**EXERCISE REQUIREMENTS**. What is needed is an exact copy of the lines in the entries below from the one holding "STAINLESS STEEL EARRING" through the one holding "Valentino Garavani Rockstud", pictures excluded.

• • • • •

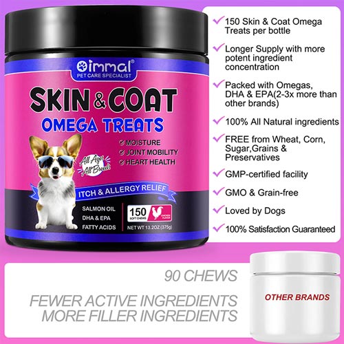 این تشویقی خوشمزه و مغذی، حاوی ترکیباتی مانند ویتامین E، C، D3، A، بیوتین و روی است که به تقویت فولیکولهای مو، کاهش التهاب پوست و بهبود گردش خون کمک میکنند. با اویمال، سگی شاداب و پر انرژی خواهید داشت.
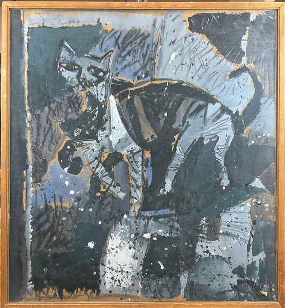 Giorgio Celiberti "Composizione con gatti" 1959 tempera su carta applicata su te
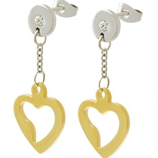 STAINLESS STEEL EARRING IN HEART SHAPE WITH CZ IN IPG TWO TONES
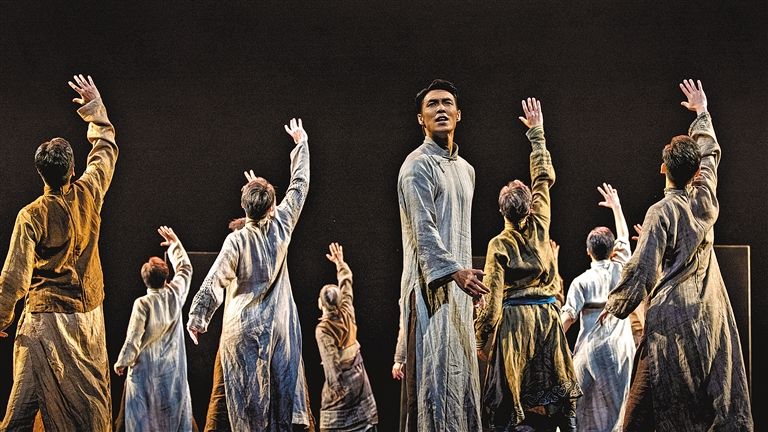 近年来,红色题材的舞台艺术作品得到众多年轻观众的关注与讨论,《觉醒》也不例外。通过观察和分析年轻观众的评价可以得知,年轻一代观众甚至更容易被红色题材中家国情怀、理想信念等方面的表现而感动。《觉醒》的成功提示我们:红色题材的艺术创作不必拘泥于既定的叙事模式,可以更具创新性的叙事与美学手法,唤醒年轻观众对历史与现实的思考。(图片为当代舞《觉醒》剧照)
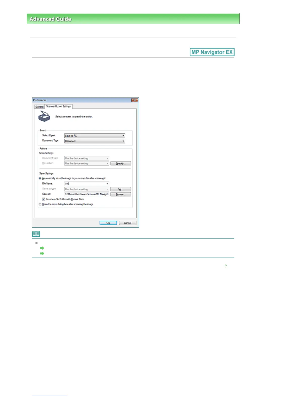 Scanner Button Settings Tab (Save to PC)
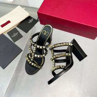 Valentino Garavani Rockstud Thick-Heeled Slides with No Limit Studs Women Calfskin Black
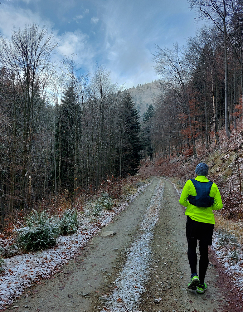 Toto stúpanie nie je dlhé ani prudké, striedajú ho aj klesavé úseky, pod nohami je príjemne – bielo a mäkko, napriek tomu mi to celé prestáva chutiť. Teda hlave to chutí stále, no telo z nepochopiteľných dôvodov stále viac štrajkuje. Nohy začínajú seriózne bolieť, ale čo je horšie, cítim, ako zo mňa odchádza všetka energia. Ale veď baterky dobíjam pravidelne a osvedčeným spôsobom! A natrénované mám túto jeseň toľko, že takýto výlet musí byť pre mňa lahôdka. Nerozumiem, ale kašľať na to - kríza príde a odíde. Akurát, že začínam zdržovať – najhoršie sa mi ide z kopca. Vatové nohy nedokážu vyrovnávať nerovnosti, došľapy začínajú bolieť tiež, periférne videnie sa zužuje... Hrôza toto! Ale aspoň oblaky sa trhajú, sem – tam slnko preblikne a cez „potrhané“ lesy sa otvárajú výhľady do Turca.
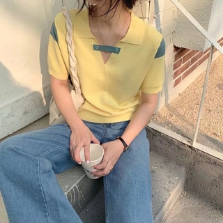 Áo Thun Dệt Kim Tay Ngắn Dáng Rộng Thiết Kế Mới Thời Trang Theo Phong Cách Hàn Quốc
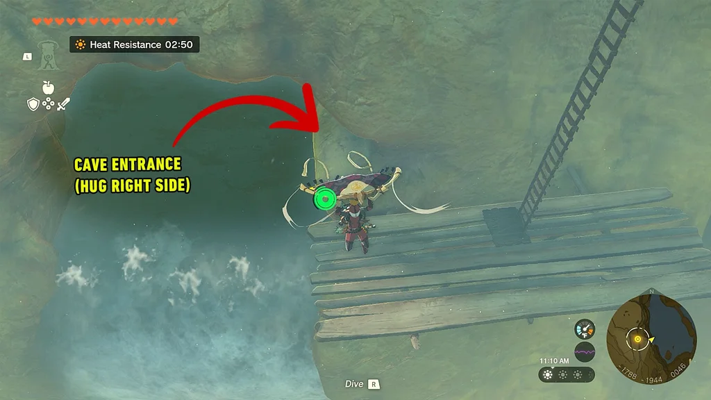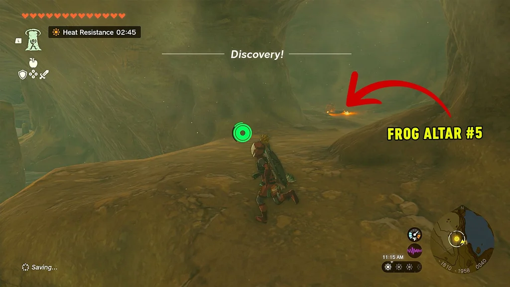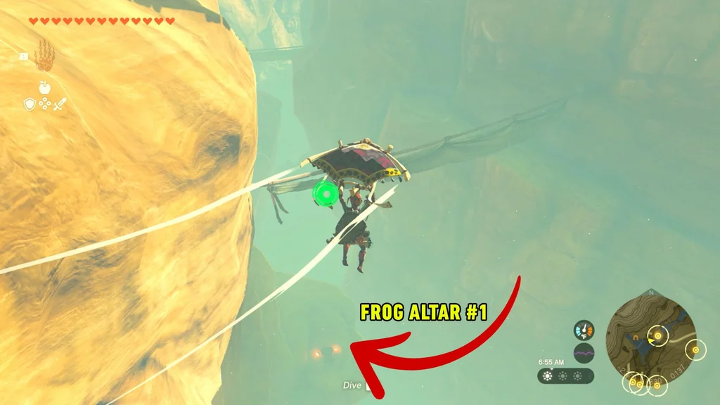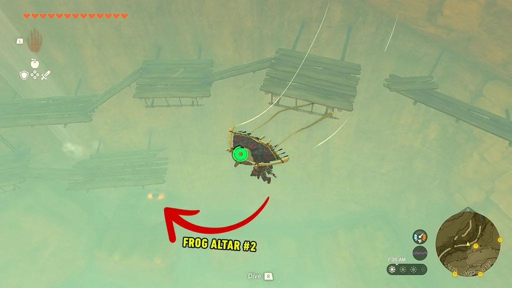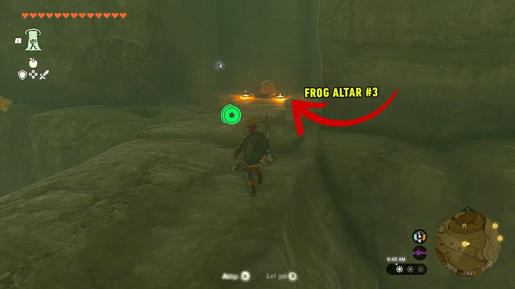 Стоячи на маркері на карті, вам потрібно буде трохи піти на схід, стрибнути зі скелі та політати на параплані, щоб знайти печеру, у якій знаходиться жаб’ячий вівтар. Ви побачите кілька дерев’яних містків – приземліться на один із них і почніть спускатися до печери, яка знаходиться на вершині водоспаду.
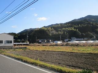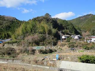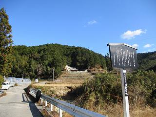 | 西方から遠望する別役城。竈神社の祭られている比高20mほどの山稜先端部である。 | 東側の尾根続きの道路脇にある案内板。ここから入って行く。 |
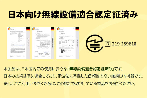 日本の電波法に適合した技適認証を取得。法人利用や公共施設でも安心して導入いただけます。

• • • • •

**SOLUTION BELOW**.
 STAINLESS STEEL EARRING IN HEART SHAPE WITH CZ IN IPG TWO TONES
 近年来,红色题材的舞台艺术作品得到众多年轻观众的关注与讨论,《觉醒》也不例外。通过观察和分析年轻观众的评价可以得知,年轻一代观众甚至更容易被红色题材中家国情怀、理想信念等方面的表现而感动。《觉醒》的成功提示我们:红色题材的艺术创作不必拘泥于既定的叙事模式,可以更具创新性的叙事与美学手法,唤醒年轻观众对历史与现实的思考。(图片为当代舞《觉醒》剧照)
 Scanner Button Settings Tab (Save to PC)
 Valentino Garavani Rockstud Thick-Heeled Slides with No Limit Studs Women Calfskin Black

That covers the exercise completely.